Rationale behind the dimensionality reduction

Amongst the numerous dimensionality reduction methods, matrix factorization methods can efficiently find a dictionary to compress natural stimuli. For instance, independent component analysis finds features separating the signal in statistically independent parts. When applied to natural images, it recovers a functional basis that resembles Gabor filters23, hinting at a possible structure of the computation used in the early stages of the visual processing. Similarly, Non-negative Matrix Factorization29 has been popular for explaining sensory processing since it promotes basis functions that capture local features. As an example, the factorization trained on a database containing human faces leads to a dictionary containing representations of the mouth and the nose.

In our specific case of decoding the safety margin from the skin deformation, we postulate that the nervous system uses a compact set of basis patterns (i.e. that includes only a minimal amount of projective axes) to accelerate the processing. The compact set of bases should capture the most variance of the skin deformation patterns and should maximally decorrelate the output signal. This set of requirements makes the principal component analysis the most suited method. The principal component analysis can be computed by taking the singular value decomposition (SVD) of the entire database of strain patterns and truncating the result to conserve only the first most representative principal components30,31.

Results

Dataset of spatio-temporal strain field

We computed the spatio-temporal deformation of participants’ skin while they touched a plate that slid under their index fingertip. We collected the temporal evolution of the strain pattern of the index fingertip of 12 participants, using 7 levels of frictional conditions and 4 repetitions, resulting in 336 individual videos. We selected 30 equally spaced frames of these videos from 0.05 to 6 mm every 0.2 mm of relative displacement between the plate and the finger, totaling in 10,080 data points.

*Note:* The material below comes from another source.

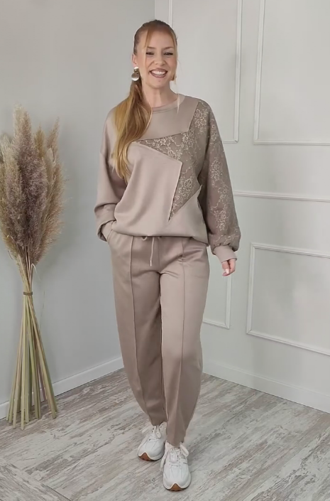 Bluza z okrągłym dekoltem ozdobiona gwiazdkami i cekinami oraz dres z szerokimi spodniami w tej samej kolorystyce.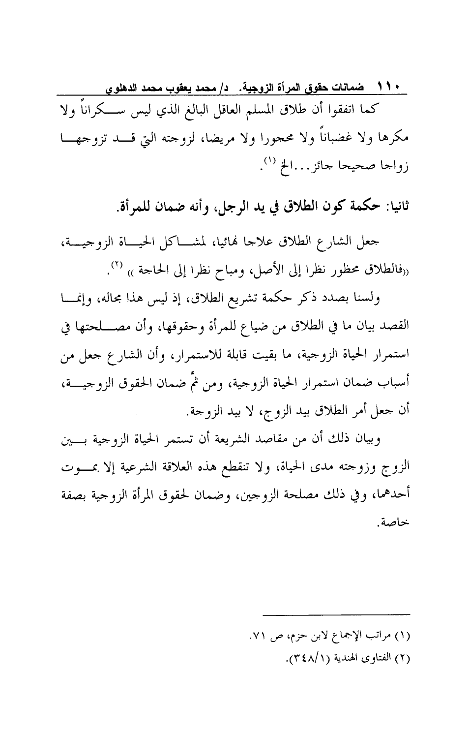 ولسنا بصدد ذكر حكمة تشريع الطلاق، إذ ليس هذا مجاله، وإنما القصد بيان ما في الطلاق من ضياع للمرأة وحقوقها، وأن مصلحتها في استمرار الحياة الزوجية، ما بقيت قابلة للاستمرار، وأن الشارع جعل من أسباب ضمان استمرار الحياة الزوجية، ومن ثمَّ ضمان الحقوق الزوجية، أن جعل أمر الطلاق بيد الزوج، لا بيد الزوجة.

The friction of the plate could be changed from high, medium, and low friction using ultrasonic friction modulation32. The three conditions correspond to average coefficients of sliding friction of 1.1, 0.8, and 0.5, for vibration amplitudes of 0.17, 1.6, and 2.9 \(\upmu {\mathrm {m}}\) respectively (Fig. 2B). A constant normal force of about 1.2 N was maintained by a lever and weights, and we imposed the lateral force by controlling the current in a coreless motor, through a low-friction capstan transmission. The plate moved in the radial direction with a speed of 10 mm/s, for a total displacement of 20 mm, which is sufficiently long for the finger to reach full slip. Forces and position are plotted in Figure S1.

Figure 2
figure 2

(A) Experimental apparatus combining ultrasonic friction reduction and frustrated total internal reflection imaging of the contact (inset). (B) Ultrasonic vibration reduces the sliding friction coefficient. (C) Typical images for two lateral deformations and two amplitudes of vibrations. (D) Experimental deformation of the skin when the finger is sliding on the surface in high, medium, and low-friction conditions for relative displacements of 1, 2, 4, and 6 mm. (E) Safety margin as a function of the finger position for the same 3 friction conditions. The solid lines and shaded areas stand for mean ± std.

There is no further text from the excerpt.